The Borneo Post

Cancer patients twice as likely to die from Covid-19 — Study

-

WASHINGTON: People with cancer are more than twice as likely to die from Covid-19 than those without it, a large study published Thursday found.

The data on more than 900 patients in the US, Canada and Spain which appeared in a paper in The Lancet, found that mortality increased the further the cancer had progressed.

Cancer patients with decreased ability to carry out daily life tasks were more at risk than those with higher functional­ity.

The paper’s authors looked at how many people died within 30 days of being diagnosed of Covid-19 of all causes.
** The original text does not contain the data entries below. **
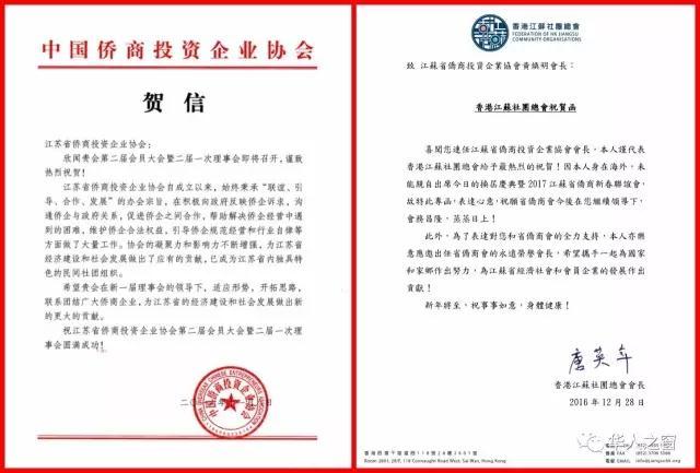 此次活动得到了侨界的广泛关注,中国侨商投资企业协会、中国侨商联合会、香港江苏社团总会会长唐英年等侨界组织及个人纷纷发来贺信对此次活动表示支持与祝贺。
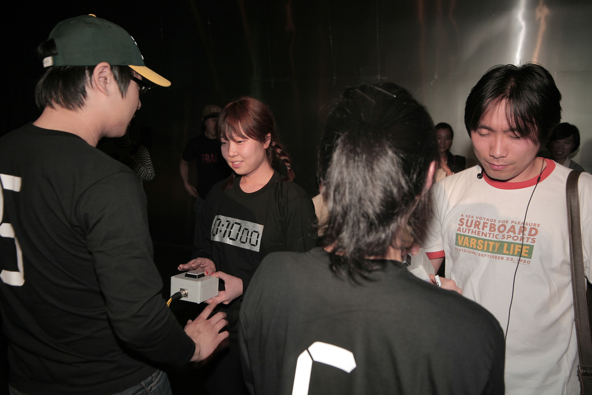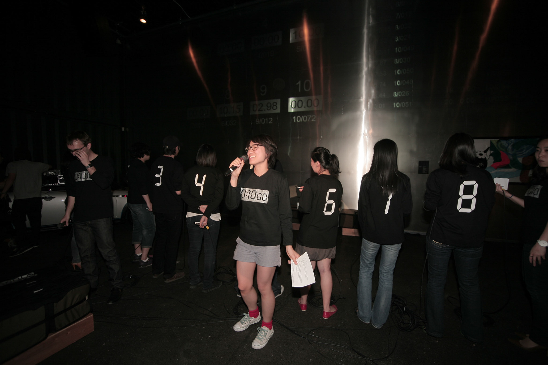 mystopshow is a collective game show. The game is easily comprehended. The player attempts to stop a certain time period (e.g. 10:00 seconds) as precisely as possible with a regular stop watch, without seeing the display. mystopshow is an ongoing project in several variations, which are specifically developed for different situations.
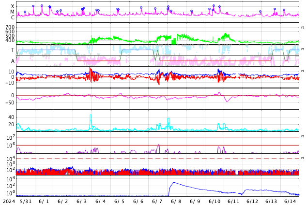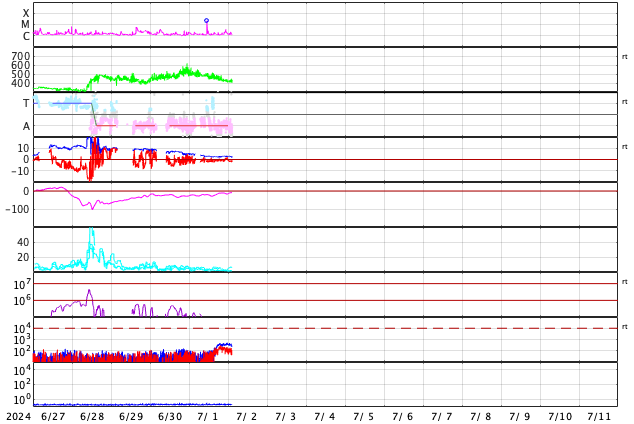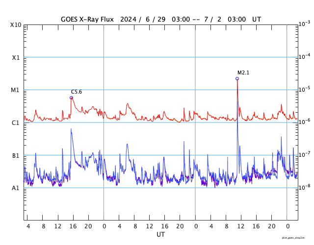 GOES衛星の太陽X線強度。赤・橙 = 0.1〜0.8 nm、青・紫 = 0.05〜0.4 nm (c) データ:NOAA/SWPC、作図:宇宙天気ニュース ![]() | ||||||||||||||||||||||||||||||||||||||||||||||||||||||||||||||||||||||||||||||||||||||||||||||||||||||||||||||||||||||||||||||||||||||||||||||||||||||||||||||||||||||||||||||||||||||||||||||||||||||||||||||||||||||||||||||||||||||||||||||||||||||||||||||||||||||||||||||||
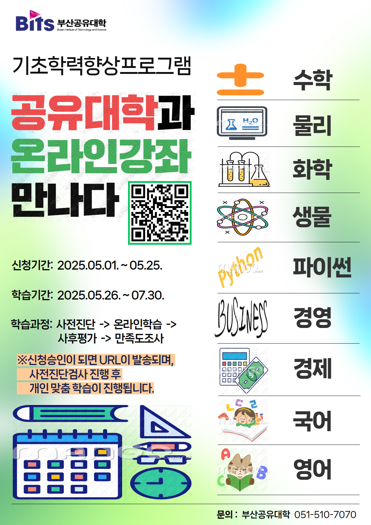 • 2025학년도 부산공유대학 기초학력 향상 프로그램(2차신청)
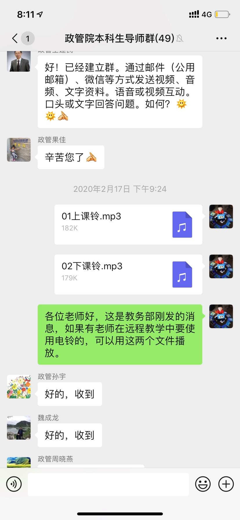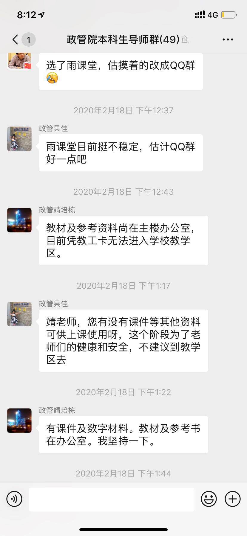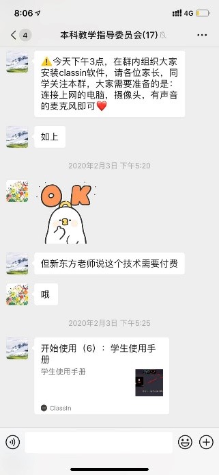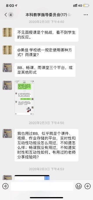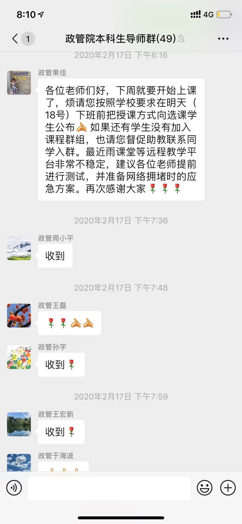 在今天正式开学以后,我们也进一步了解了不同软件实际使用情况并借鉴其他课程的经验,立即确定了数个备选方案,并做好方案排序,以便正式上课后及时做出切换。我带着一些好奇和同学们提前进入了直播课堂,测试了音画效果并及时反馈给老师。课程中老师将课程内容与当前的疫情防控工作相结合,通过弹幕和微信群的方式尽可能地开展课堂互动。课后,对于未能及时进入直播课堂、有效获得较好直播效果的同学我也在第一时间询问了解具体原因,并做好引导或安抚工作。

“The 30-day all-cause mortality was 13 per cent, more than twice the mortality reported as the global average by Johns

Hopkins,” Toni Choueiri, an oncologist at the Dana-Farber Cancer Institute who coauthored the paper told AFP.

In keeping with previous studies, the team also found that advanced age, male sex, the presence of two or more underlying conditions, and former smoking status were all also tied to increased risk of death. But the receipt of chemothera­py or other anticancer therapies within four weeks of Covid-19 diagnosis did not affect mortality outcomes.

“Taken together, these results suggest that fit patients with cancer and few comorbidit­ies can and should proceed with appropriat­e anti-cancer treatment,” said Choueiri.